▶ THE TASK: The answer should be every line below, repeated exactly, with the images left out.

▶ STORED DATA:

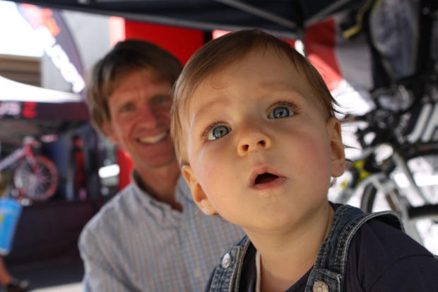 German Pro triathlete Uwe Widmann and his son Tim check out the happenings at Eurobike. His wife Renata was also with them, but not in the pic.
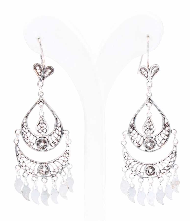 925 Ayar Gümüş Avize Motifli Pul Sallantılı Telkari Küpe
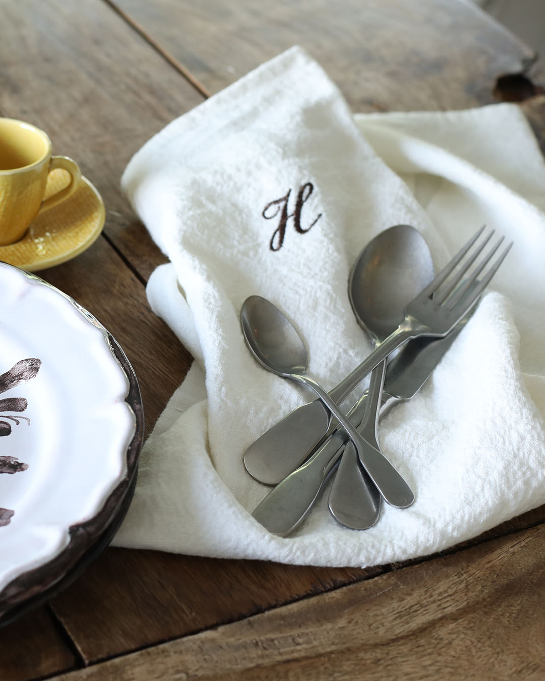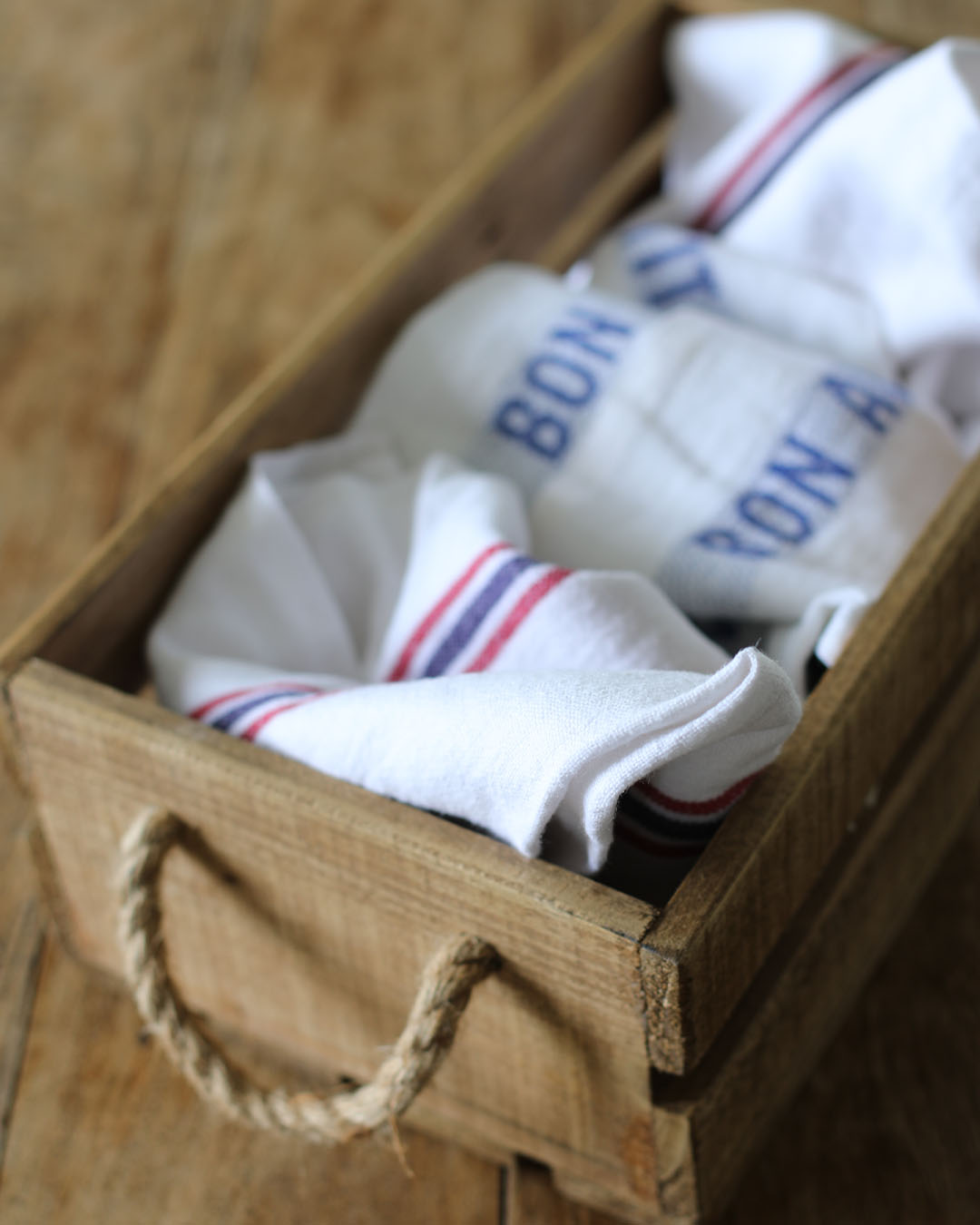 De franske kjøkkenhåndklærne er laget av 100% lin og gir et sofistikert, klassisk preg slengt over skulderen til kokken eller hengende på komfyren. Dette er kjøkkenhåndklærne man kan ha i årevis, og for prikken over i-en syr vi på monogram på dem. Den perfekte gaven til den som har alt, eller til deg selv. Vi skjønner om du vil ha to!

▶ OUTPUT BELOW:
 German Pro triathlete Uwe Widmann and his son Tim check out the happenings at Eurobike. His wife Renata was also with them, but not in the pic.
 925 Ayar Gümüş Avize Motifli Pul Sallantılı Telkari Küpe
 De franske kjøkkenhåndklærne er laget av 100% lin og gir et sofistikert, klassisk preg slengt over skulderen til kokken eller hengende på komfyren. Dette er kjøkkenhåndklærne man kan ha i årevis, og for prikken over i-en syr vi på monogram på dem. Den perfekte gaven til den som har alt, eller til deg selv. Vi skjønner om du vil ha to!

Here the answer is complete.